To the Editor:
In the fall of 1980, the CIA interviewed law students at the University of Michigan for positions within the Agency. The recruiters were met by about fifty demonstrators. One carried a sign which read: “Extend the Gains of the October Revolution to Afghanistan.” That which amused for its idiocy in 1980 now horrifies when one finishes reading Michael Barry’s “Afghanistan—Another Cambodia?” [August]. The October Revolution has swallowed that country, and Mr. Barry’s article reveals just how ghastly that process has been. . . .
There is now a full-fledged peace offensive under way’ in the West. There are negotiations at many levels on a great variety of subjects. There are powerful lobbies pushing nuclear-freeze referenda in California and Michigan. There are weighty statements from groups like the Catholic bishops on the immorality of nuclear weapons. . . . Of the West’s mission, however, there is little news.

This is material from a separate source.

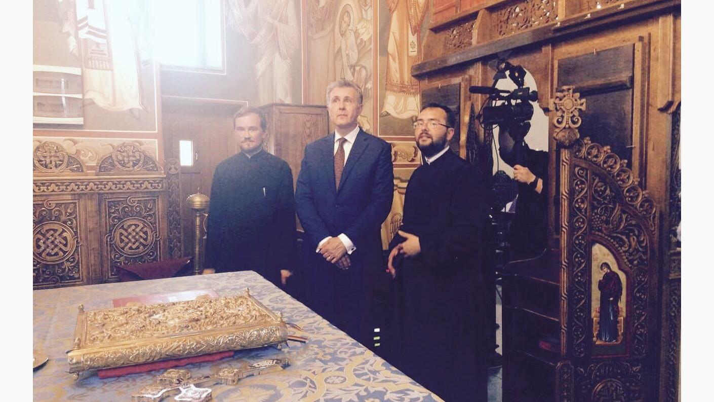 Acum, părintele protopop Ioan Bârgăoanu a înmânat din partea Înaltpreasfințitului Părinte Arhiepiscop Ioachim, ca semn de prețuire, daruri simbolice aparte, fiind oferite câteva icoane deosebite oficialităților prezente. La încheierea manifestărilor, Principele Radu și ambasadorul SUA s-au întors la Onești.
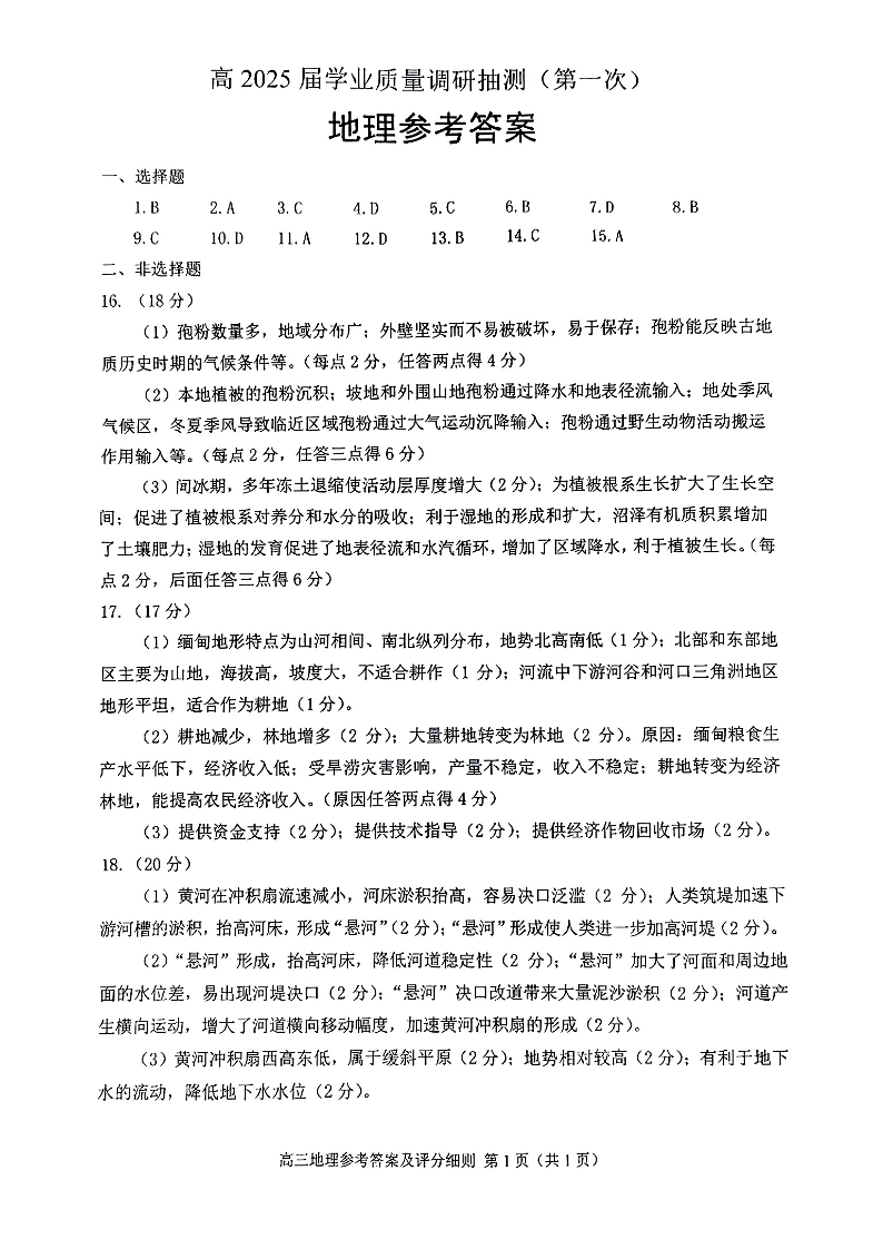 重庆市主城区2024-2025学年1月高三期末学业质量调研地理答案

For those who focus solely on the GNP and on missile ranges, on pipelines and on IMF credits, the parochial interest is a sufficient compass. If we assure our own security, the reasoning goes, the rest of the world will mend itself in due course. Such a view has no moral anchor. It lacks even the dimmest perception that all these deliberations and policies can make no sense unless they are measured by their effect on the prisoners of Pol-e Charkhi. . . .
Attention to the West’s mission has long been overlooked, but whatever its precise boundaries, it cannot exclude concern for and actions on behalf of the Afghan people. If Mr. Barry’s article produces this recognition in the eyes of only a few, he deserves unique congratulations. It is not an easy thing, after all, to reverse the momentum of abdication.